Task to complete → The result should hold only the lines from the one with "Jednopunktowa lampa ścienna/kinkiet" through the final line of the data below, transcribed exactly, pictures left out.

Given data →
^^^^^^^^^^^^^^^^

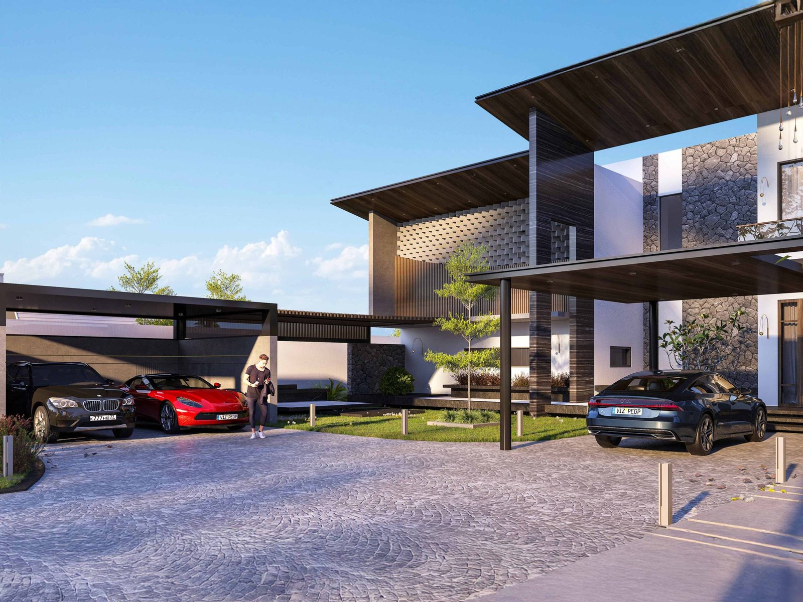 KMB Haus is conceived as a modern residence where formal clarity is enriched through thoughtful material expression. The architecture is articulated through strong rectilinear volumes and pronounced horizontal roof planes, establishing a composed yet visually commanding presence. Generous overhangs and cantilevered forms create shaded outdoor areas.
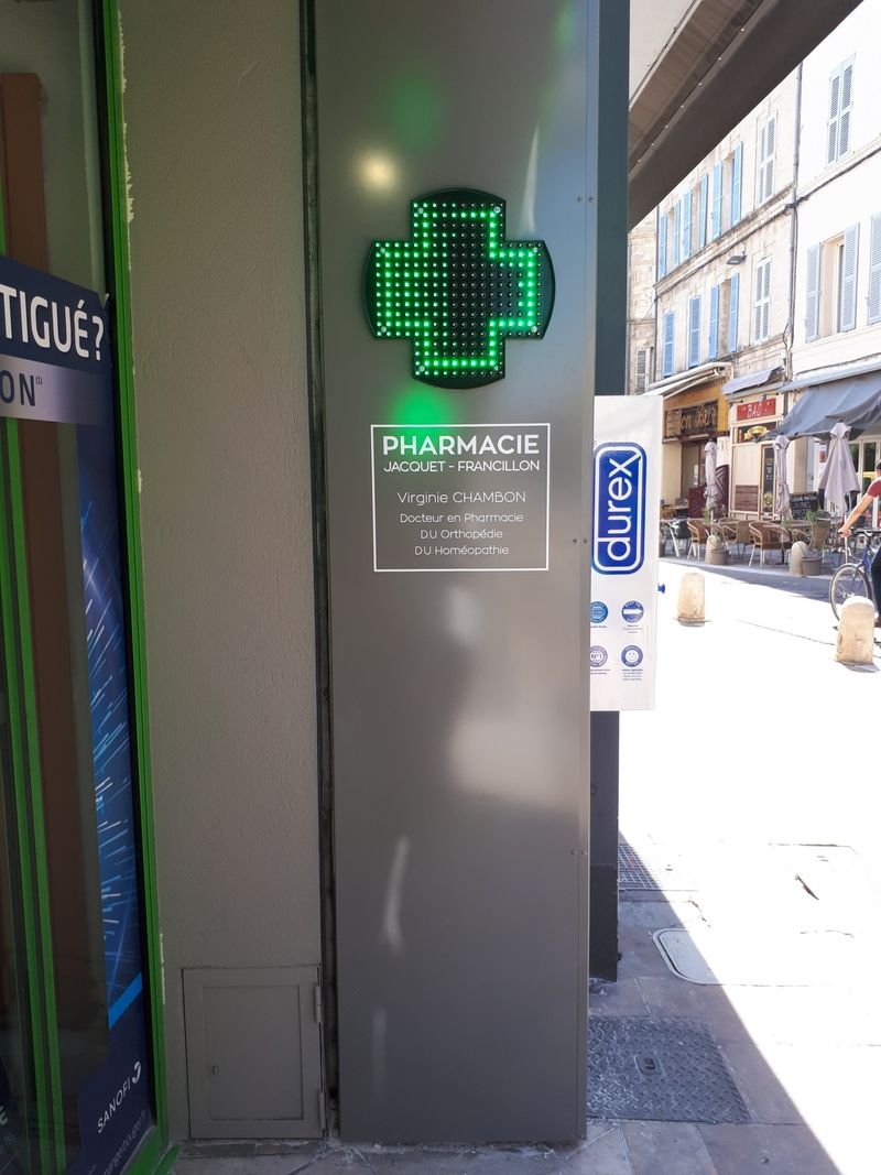 Les Enseignes RICHIER, ont réalisés l'habillage de la façade de la pharmacie CHAMBON à Avignon dans le Vaucluse.
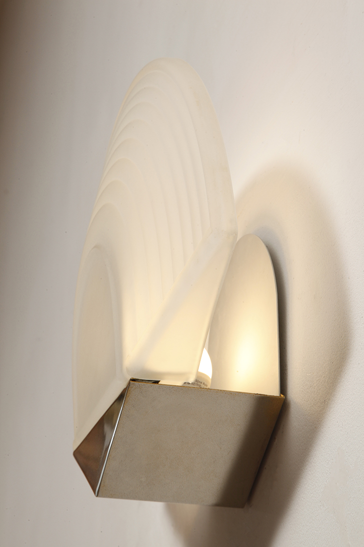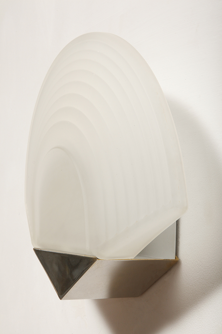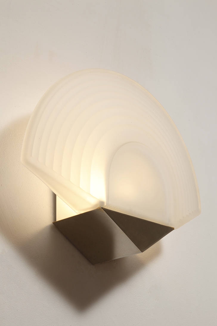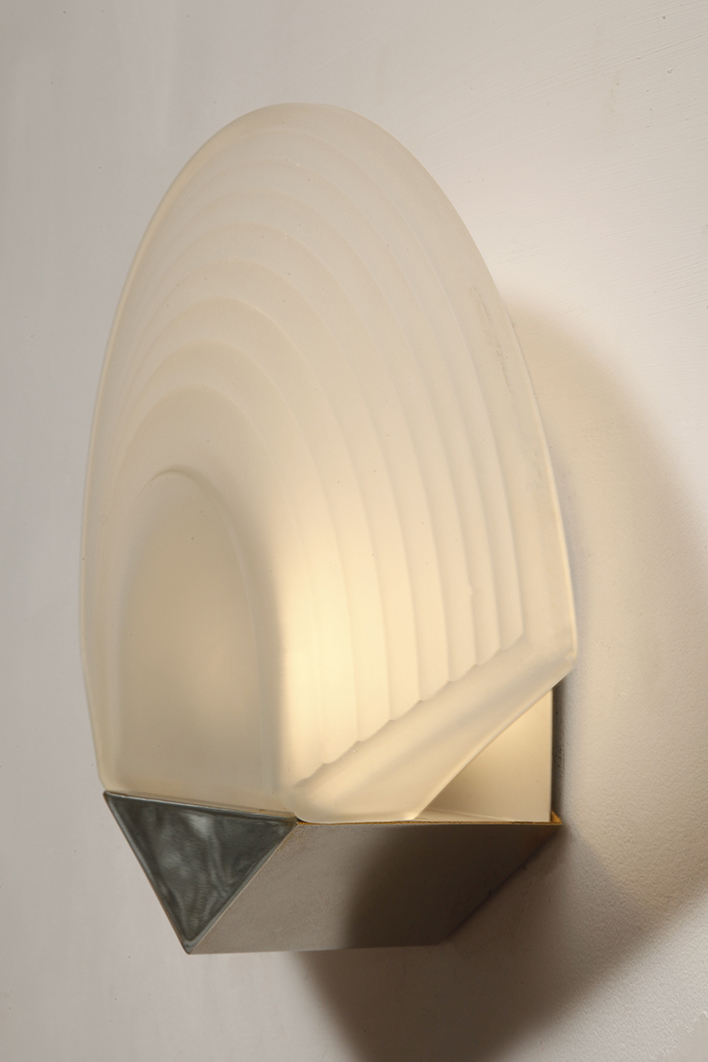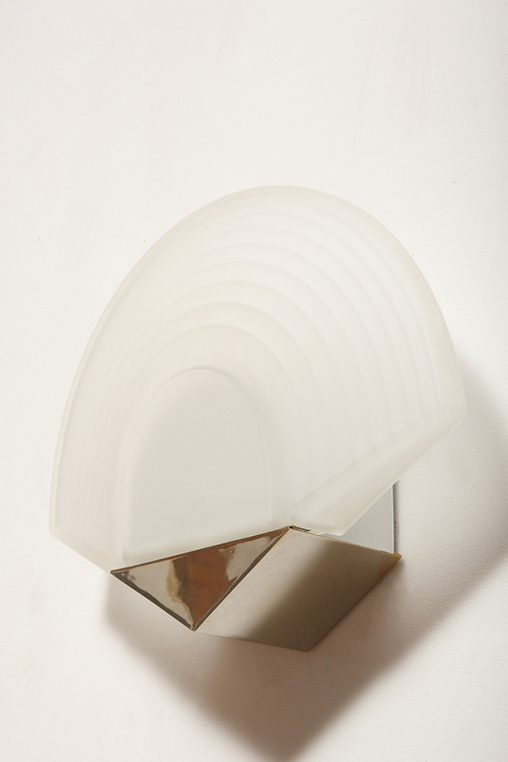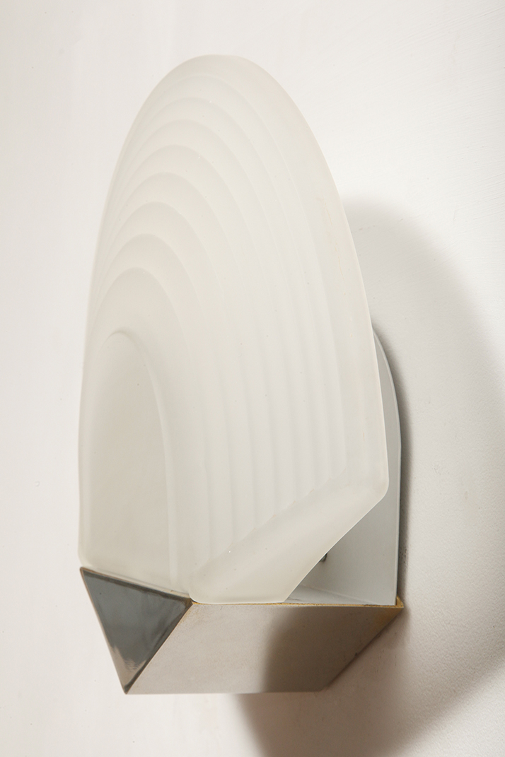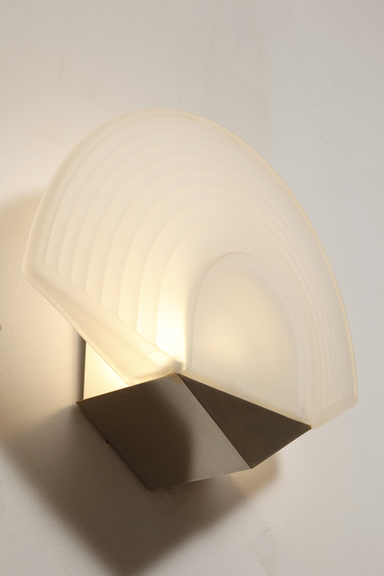 Jednopunktowa lampa ścienna/kinkiet w stylu Art Deco w kształcie wachlarza ze szklanym reliefowym matowym kloszem osadzonym na metalowej podstawie, Egoluce, Włochy, lata 80.
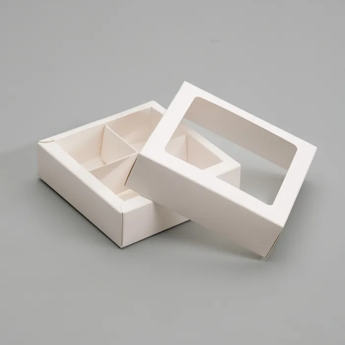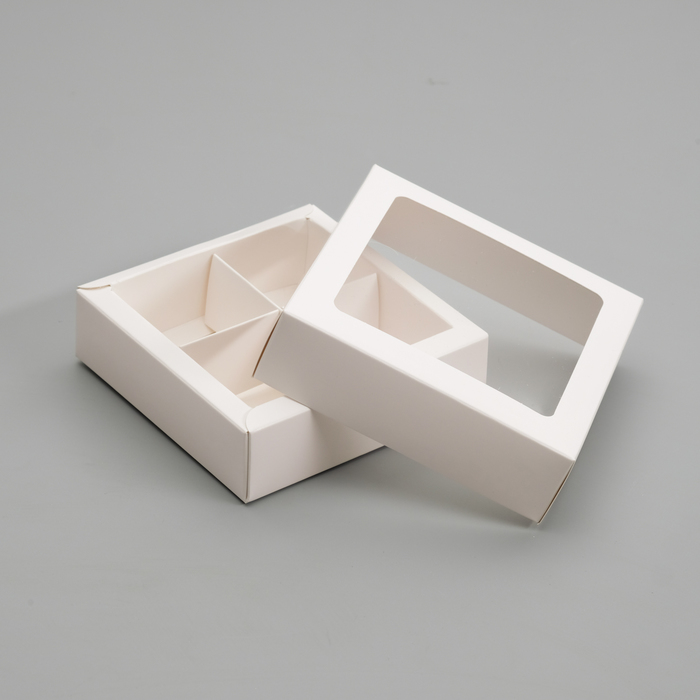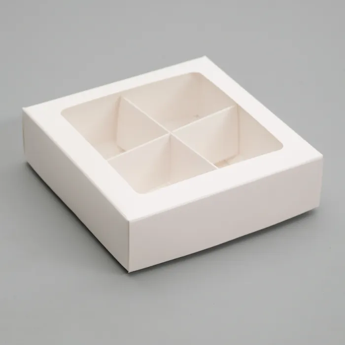 Коробка для конфет 4 шт., с окном, белая 12.5×12.5×3.5 см — Характеристики

^^^^^^^^^^^^^^^^

Task solution →
 Jednopunktowa lampa ścienna/kinkiet w stylu Art Deco w kształcie wachlarza ze szklanym reliefowym matowym kloszem osadzonym na metalowej podstawie, Egoluce, Włochy, lata 80.
 Коробка для конфет 4 шт., с окном, белая 12.5×12.5×3.5 см — Характеристики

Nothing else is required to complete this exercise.